Where the sole reason the child is residing with someone other than a parent or legal guardian is to take advantage of the schools of the district, the child has not established residence (Appeal of Cheng, 47 Ed Dept Rep 366, Decision No. 15,726; Appeal of Mendoza, 47 id. 285, Decision No. 15,698).

A residency determination will not be set aside unless it is arbitrary and capricious (Appeal of White, 48 Ed Dept Rep 295, Decision No. 15,863; Appeal of a Student with a Disability, 48 id. 171, Decision No. 15,828).  In an appeal to the Commissioner, the petitioner has the burden of demonstrating a clear legal right to the relief requested and the burden of establishing the facts upon which petitioner seeks relief (Appeal of White, 48 Ed Dept Rep 295, Decision No. 15,863; Appeal of a Student with a Disability, 48 id. 171, Decision No. 15,828).

On the record before me, petitioner has not carried her burden of establishing that there has been a total and permanent transfer of custody and control over Anthony from Anthony’s mother to petitioner.  Indeed, the documentation submitted in support of petitioner’s request for admission on September 3, 2014 states that Anthony’s mother will continue to provide support, including food, shelter and clothing, and that she will continue to exercise control over Anthony’s activities and behavior. 

Moreover, petitioner asserts that Anthony sees his mother every day and that his mother would continue to provide “assistance” with his food, shelter, and clothing and that she “exercises control over” Anthony’s activities and behavior.  Although petitioner subsequently submitted with the verified petition a custodial affidavit and a parent affidavit stating that the student would be permanently residing with petitioner and that there had been a relinquishment of custody and control, these documents are dated September 9, 2014 – subsequent to respondent’s September 3, 2014 determination letter.  Additionally, I take administrative notice of a subsequent appeal filed by Anthony’s mother (Appeal of Peppaceno, Appeal No. 20077) which is currently pending.  In that appeal, Anthony’s mother asserts that she resides with Anthony at petitioner’s in-district address.  That statement belies her assertions in this appeal that she has permanently relinquished custody and control of Anthony to petitioner.  Accordingly, it appears that the custody arrangement described in the petition was only intended for the purpose of facilitating the student's attendance of the district's schools.

On the totality of the record before me, I cannot conclude that respondent’s determination that Anthony is not a district resident was arbitrary or capricious, and thus, it will not be overturned.

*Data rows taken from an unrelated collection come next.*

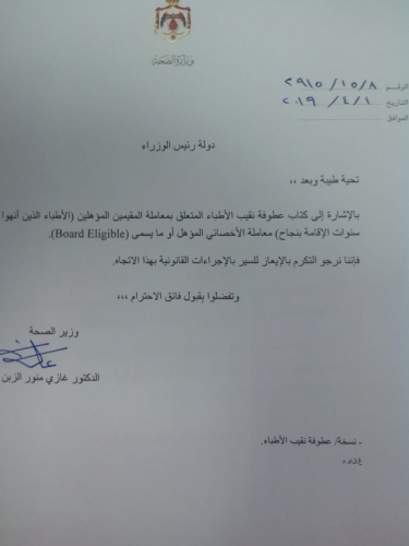 اخيراً وليس آخراً حَلت وزارة الصحة بالتعاون مع نقابة الأطباء عقدة من عقد الأطباء الاردنيين العاملين في القطاع الحكومي بعد أن تم منح الأطباء الذين انهو مدة الإقامة بنجاح مسمى " طبيب اخصائي مؤهل " بشكل رسمي والايعاز بالتطبيق ليستطيع حفظ حقوقه والعمل كمختص بدلاً من بقاءه طبيب عام في وزارة الصحة بالرغم من عمله داخل المستشفيات كطبيب مختص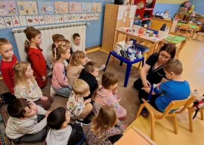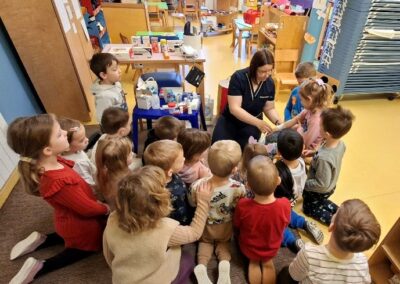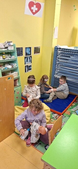 U sklopu projekta „Zanimanja“ ugostili smo mamu Ivanu Kovačić koja je po struci medicinska sestra. Gospođa Kovačić nam je na zanimljiv i djeci prilagođen način predstavila svoje zanimanje, a djeca su se imala prilike upoznati s priborom koji medicinske sestre koriste u svom radu. Nakon uvodnog dijela, prešli smo na praktični dio. Sestra Ivana pokazala nam je kako se mjeri kisik u krvi, saniraju rane te razne druge zanimljivosti. U dogovoru s djecom oformili smo našu „Ambulantu“ u kojoj se djeca svakodnevno igraju „malih bolesnika“. Ovim putem se zahvaljujemo gospođi Kovačić što je izdvojila svoje slobodno vrijeme i predstavila nam zanimanje medicinska sestra.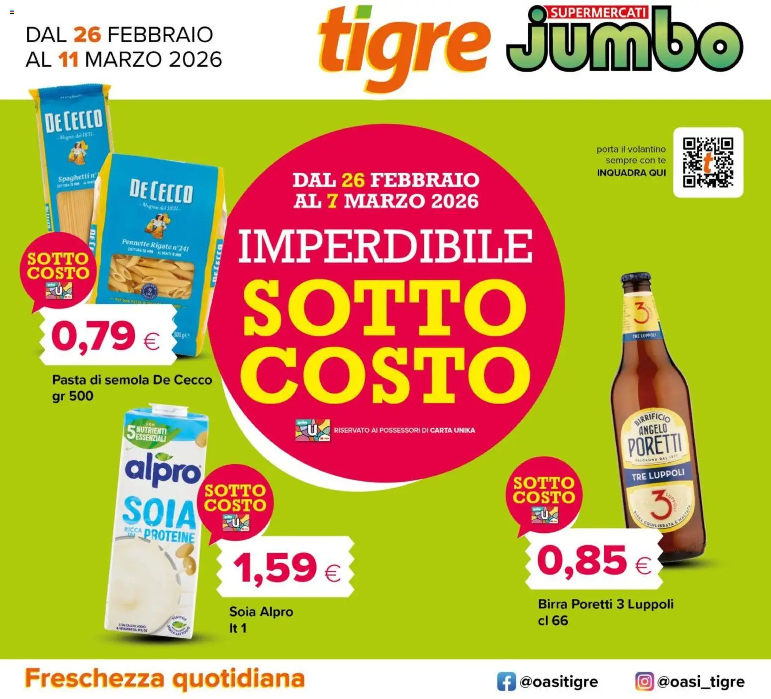 {"143885":[{"boxes":[{"content":"tigre Jumbo","coord":[[317,1],[739,0],[740,87],[317,99]]},{"content":"DAL 26 FEBBRAIO","coord":[[24,24],[215,23],[215,43],[24,44]]},{"content":"DE CECCO","coord":[[44,113],[102,106],[104,127],[45,134]]},{"content":"porta il volantino","coord":[[598,145],[669,144],[669,154],[599,155]]},{"content":"sempre con te","coord":[[608,157],[669,157],[669,165],[608,165]]},{"content":"Spaghettin","coord":[[57,177],[95,173],[95,180],[58,184]]},{"content":"DE CECCO","coord":[[131,177],[196,186],[193,206],[128,198]]},{"content":"DAL 26 FEBBRAIO","coord":[[291,170],[485,170],[485,190],[291,190]]},{"content":"INQUADRA QUI","coord":[[599,168],[670,168],[670,178],[599,178]]},{"content":"IMPERDIBILE","coord":[[236,227],[538,227],[537,266],[236,266]]},{"content":"SOTTO","coord":[[28,251],[90,252],[90,267],[28,267]]},{"content":"COTTURA IO MOS AL DENTE E NON","coord":[[127,247],[184,253],[183,259],[127,252]]},{"content":"COSTO","coord":[[28,266],[89,264],[89,280],[28,282]]},{"content":"SOTTO","coord":[[242,278],[529,278],[529,342],[242,342]]},{"content":"TRE LUPPOU","coord":[[635,335],[660,333],[661,340],[635,342]]},{"content":"COSTO","coord":[[245,344],[535,347],[534,410],[245,410]]},{"content":"Pasta di semola De Cecco","coord":[[51,374],[213,374],[213,388],[51,388]]},{"content":"NUTRIENTI","coord":[[132,426],[167,428],[167,437],[132,436]]},{"content":"ESSENZIALI","coord":[[135,434],[166,436],[166,444],[134,442]]},{"content":"RISERVATO AI POSSESSORI DI CARTA UNIKA","coord":[[336,426],[478,426],[478,436],[336,436]]},{"content":"BIRRIFICIO","coord":[[636,417],[674,414],[675,425],[637,428]]},{"content":"ANGELO","coord":[[641,428],[670,424],[671,434],[642,438]]},{"content":"alpro","coord":[[124,453],[203,458],[202,494],[122,489]]},{"content":"PORETTI","coord":[[630,438],[687,432],[687,454],[632,459]]},{"content":"VALGANNA DAL SETT","coord":[[637,460],[683,455],[683,460],[637,465]]},{"content":"SOTTO","coord":[[515,476],[578,475],[578,492],[515,492]]},{"content":"TRE LUPPOLI","coord":[[634,475],[688,469],[689,478],[635,484]]},{"content":"SOIA","coord":[[122,495],[201,502],[199,532],[119,526]]},{"content":"SOTTO","coord":[[204,483],[267,482],[268,500],[204,501]]},{"content":"COSTO","coord":[[202,499],[267,498],[267,514],[202,516]]},{"content":"COSTO","coord":[[513,490],[579,484],[580,503],[513,508]]},{"content":"RISCA PROTEINE","coord":[[123,528],[198,534],[197,547],[122,539]]},{"content":"LA EQUILIBRATA E MALTO","coord":[[637,517],[694,510],[695,525],[639,530]]},{"content":"Soia Alpro","coord":[[230,607],[295,607],[295,621],[230,621]]},{"content":"It 1","coord":[[229,625],[247,625],[246,635],[229,635]]},{"content":"cl 66","coord":[[539,617],[570,617],[570,629],[539,629]]},{"content":"Freschezza quotidiana","coord":[[23,668],[307,668],[307,694],[23,694]]},{"content":"@oasitigre","coord":[[521,677],[602,677],[602,694],[521,694]]},{"content":"@oasitigre","coord":[[660,677],[750,677],[750,694],[660,693]]}]}]}Le offerte sono valide dal 26/02/2026 - 11/03/2026, ma attenzione: gli sconti sono disponibili solo per un periodo limitato! Sfoglia subito il volantino e scopri prezzi straordinari su frutta e verdura, carne e pesce, latticini e prodotti da forno. Ogni settimana, Tigre ti garantisce la massima qualità a prezzi imbattibili.

Although the appeal must be dismissed, I note that petitioner retains the right to reapply to the district for admission of Anthony at any time should circumstances change, and may present for respondent’s consideration any new information bearing on the question of residence.

THE APPEAL IS DISMISSED.

END OF FILE

 

[1] I note that the “Parent’s Affidavit” and “Custodian’s Affidavit” forms annexed to the petition are not the same as those initially submitted to respondent with the registration packet on September 3, 2014. The affidavits annexed to the petition are both dated September 9, 2014, and contain different information regarding the support, custody, and care of Anthony that is inconsistent with the information contained in the affidavits dated September 3, 2014.